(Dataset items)
⟨
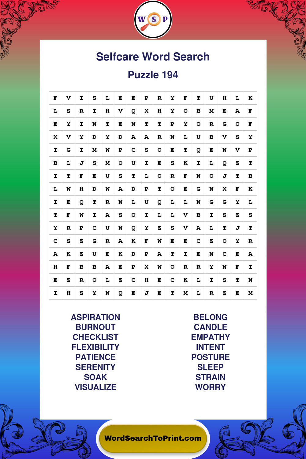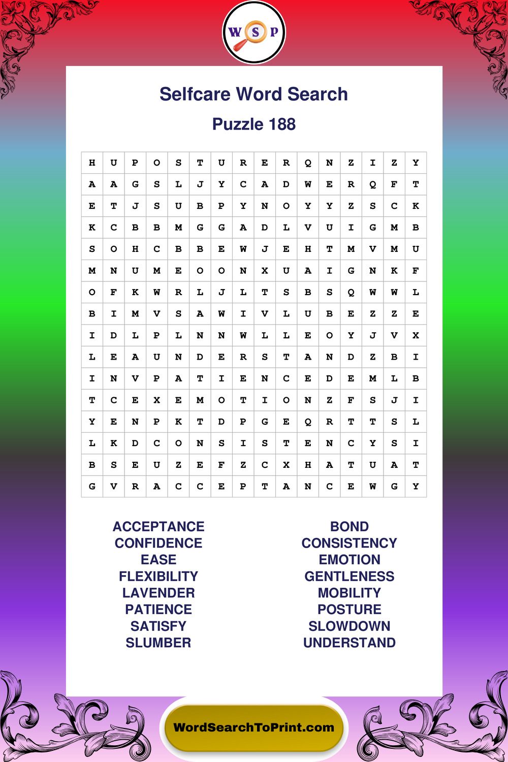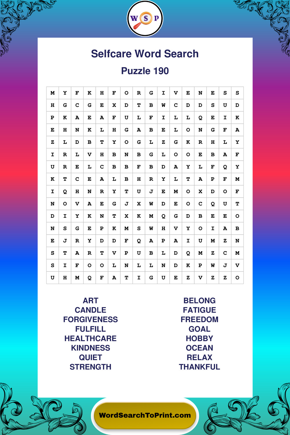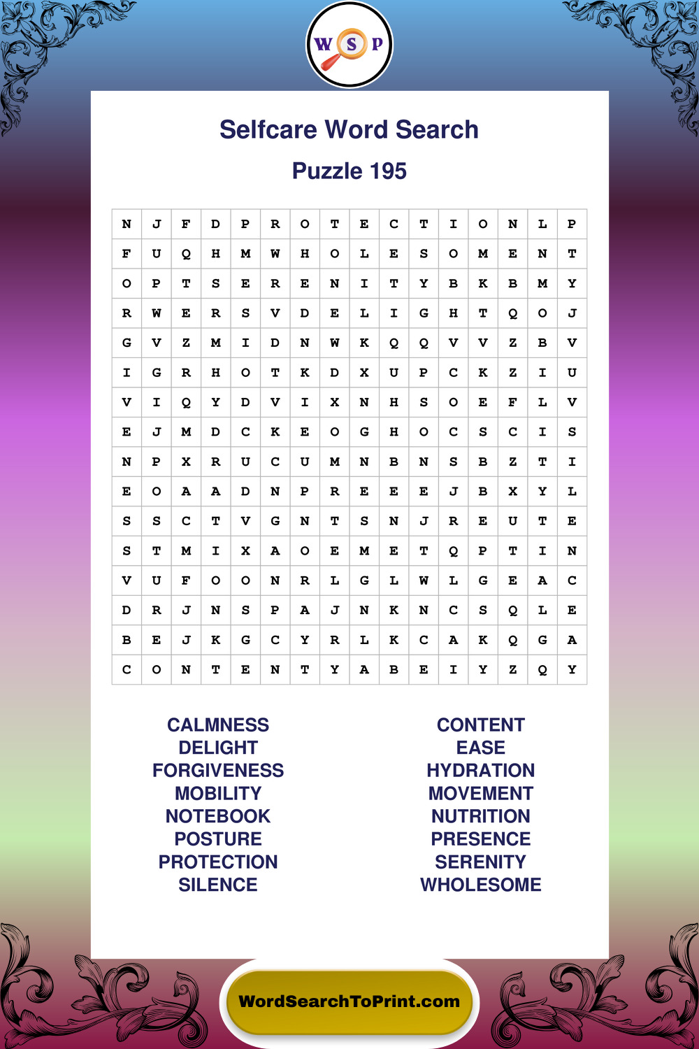 These large print Selfcare wordsearches are ideal for calm focus, light mental exercise, and easy readability.
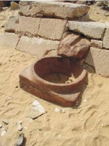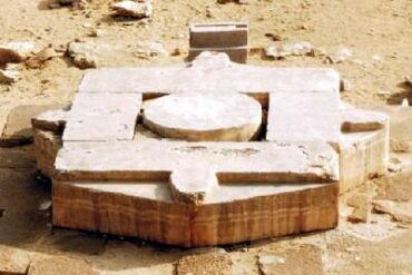 Ale jsou i jiné možnosti využití křemenného krystalu ve vztahu k vodě. V oblasti zvané Abu Garab se nacházejí ruiny Slunečního chrámu. Na rozlehlé planině plné kamenné suti se nachází zvláštní předmět – monoblok z bíle alabastrového kalcitu, jak se uvádí na internetu v některých článcích. Jde o omyl. Jednalo se monoblok vyrobený z jednoho kusu křemence, který je ještě navíc umístěn na troskách těžkých kamenných desek, které zjevně tvořily podlahu původní stavby. Předmět je velký odhadem 7 x 7 metrů a vysoký něco přes metr. Uprostřed je dvoumetrový kruh jakoby vyřezaný laserem, naprosto hladký. Kámen je opracován způsobem, který dle Christophera Dunna vylučuje ruční práci. Na mnohých místech jsou dodnes patrné zářezy způsobené přesahem obráběcího stroje, který občas ujel z požadované linie. Dr. Abd’El Hakim Awayan tvrdí, že se pod kamenem nachází 60m hluboká šachta pod hladinou moře, která sloužila jako nádrž na vodu a dosud v ní pořád teče voda. Kámen pak sloužil jako podstavec pro mohutný krystal, který spolu tekoucí vodou vytvářel zdroj energie.
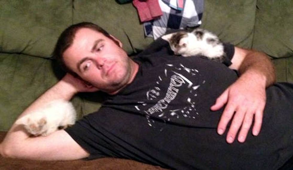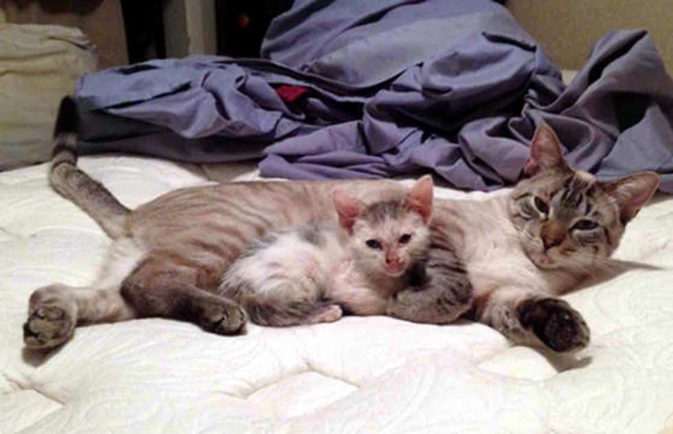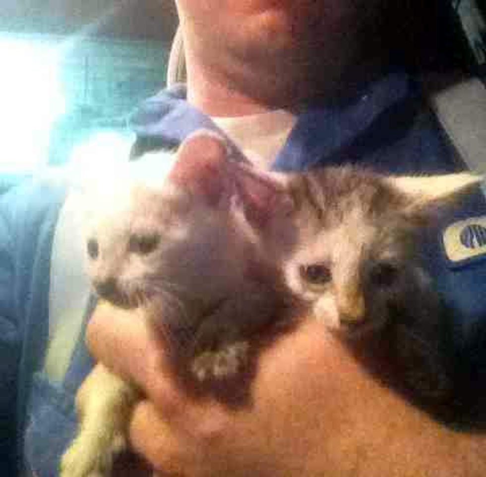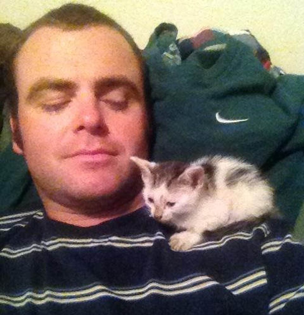 "Heading into work (one) morning and stopped at a local corner store. Before I walked in, I thought I heard a little meow....I went in for my stuff and came back out to see the darker colored one (Turner) hiding under a water/ice machine. I pulled over to where they were and scooped him up, then heard his sibling (Trixie) squeaking a little ways away. I picked that one up, called my boss to let him know I would be late and took em home to my wife and kids," he wrote. The kittens got some really needed sleep after what was probably a very rough and scary night.
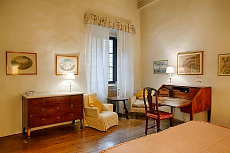 Villa Rucellai is a charming bed and breakfast located in Prato, nestled in the tranquility of the Tuscan countryside, just 2.5 mi from the city center. This historic villa, still owned and inhabited by the Rucellai-Piqué family for more than two centuries, offers a cozy and familiar atmosphere, ideal for a relaxing break or as a starting point for exploring Tuscany. The property has several rooms, each unique in size and decor, all with private bathrooms. A generous buffet breakfast is provided daily in this family-run historic villa, and guests can enjoy several restaurants such as "EleBene" Home Restaurant that is here in the villa or many nearby, serving Tuscan specialties and pizza. Guests can enjoy an outdoor swimming pool for seasonal use, ideal for relaxing moments surrounded by greenery. The villa is surrounded by olive groves and vineyards and offers a serene and evocative environment.
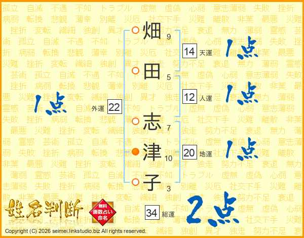 畑(9画)田(5画) 志(7画)津(10画)子(3画)
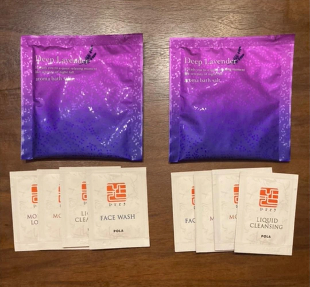 ご覧頂きありがとうございます! 【バスソルト&POLAサンプル 2セット】 ・ディープラベンダー アロマバスソルト 防腐剤・着色料 無添加 香料/天然精油 ・POLA ひととき リキッドクレンジング メイク落とし フェイスウォッシュ 洗顔料 モイスチャーローション 化粧水 モイスチャーミルク 乳液 6月中旬、宿泊ホテルより持ち帰ったものです。 よろしくお願い致します。 ご希望の方はお気軽にご連絡ください。
⟩
■ To do:
Copy out every entry above word for word; omit the images.

■ Output for this task:
 These large print Selfcare wordsearches are ideal for calm focus, light mental exercise, and easy readability.
 Ale jsou i jiné možnosti využití křemenného krystalu ve vztahu k vodě. V oblasti zvané Abu Garab se nacházejí ruiny Slunečního chrámu. Na rozlehlé planině plné kamenné suti se nachází zvláštní předmět – monoblok z bíle alabastrového kalcitu, jak se uvádí na internetu v některých článcích. Jde o omyl. Jednalo se monoblok vyrobený z jednoho kusu křemence, který je ještě navíc umístěn na troskách těžkých kamenných desek, které zjevně tvořily podlahu původní stavby. Předmět je velký odhadem 7 x 7 metrů a vysoký něco přes metr. Uprostřed je dvoumetrový kruh jakoby vyřezaný laserem, naprosto hladký. Kámen je opracován způsobem, který dle Christophera Dunna vylučuje ruční práci. Na mnohých místech jsou dodnes patrné zářezy způsobené přesahem obráběcího stroje, který občas ujel z požadované linie. Dr. Abd’El Hakim Awayan tvrdí, že se pod kamenem nachází 60m hluboká šachta pod hladinou moře, která sloužila jako nádrž na vodu a dosud v ní pořád teče voda. Kámen pak sloužil jako podstavec pro mohutný krystal, který spolu tekoucí vodou vytvářel zdroj energie.
 "Heading into work (one) morning and stopped at a local corner store. Before I walked in, I thought I heard a little meow....I went in for my stuff and came back out to see the darker colored one (Turner) hiding under a water/ice machine. I pulled over to where they were and scooped him up, then heard his sibling (Trixie) squeaking a little ways away. I picked that one up, called my boss to let him know I would be late and took em home to my wife and kids," he wrote. The kittens got some really needed sleep after what was probably a very rough and scary night.
 Villa Rucellai is a charming bed and breakfast located in Prato, nestled in the tranquility of the Tuscan countryside, just 2.5 mi from the city center. This historic villa, still owned and inhabited by the Rucellai-Piqué family for more than two centuries, offers a cozy and familiar atmosphere, ideal for a relaxing break or as a starting point for exploring Tuscany. The property has several rooms, each unique in size and decor, all with private bathrooms. A generous buffet breakfast is provided daily in this family-run historic villa, and guests can enjoy several restaurants such as "EleBene" Home Restaurant that is here in the villa or many nearby, serving Tuscan specialties and pizza. Guests can enjoy an outdoor swimming pool for seasonal use, ideal for relaxing moments surrounded by greenery. The villa is surrounded by olive groves and vineyards and offers a serene and evocative environment.
 畑(9画)田(5画) 志(7画)津(10画)子(3画)
 ご覧頂きありがとうございます! 【バスソルト&POLAサンプル 2セット】 ・ディープラベンダー アロマバスソルト 防腐剤・着色料 無添加 香料/天然精油 ・POLA ひととき リキッドクレンジング メイク落とし フェイスウォッシュ 洗顔料 モイスチャーローション 化粧水 モイスチャーミルク 乳液 6月中旬、宿泊ホテルより持ち帰ったものです。 よろしくお願い致します。 ご希望の方はお気軽にご連絡ください。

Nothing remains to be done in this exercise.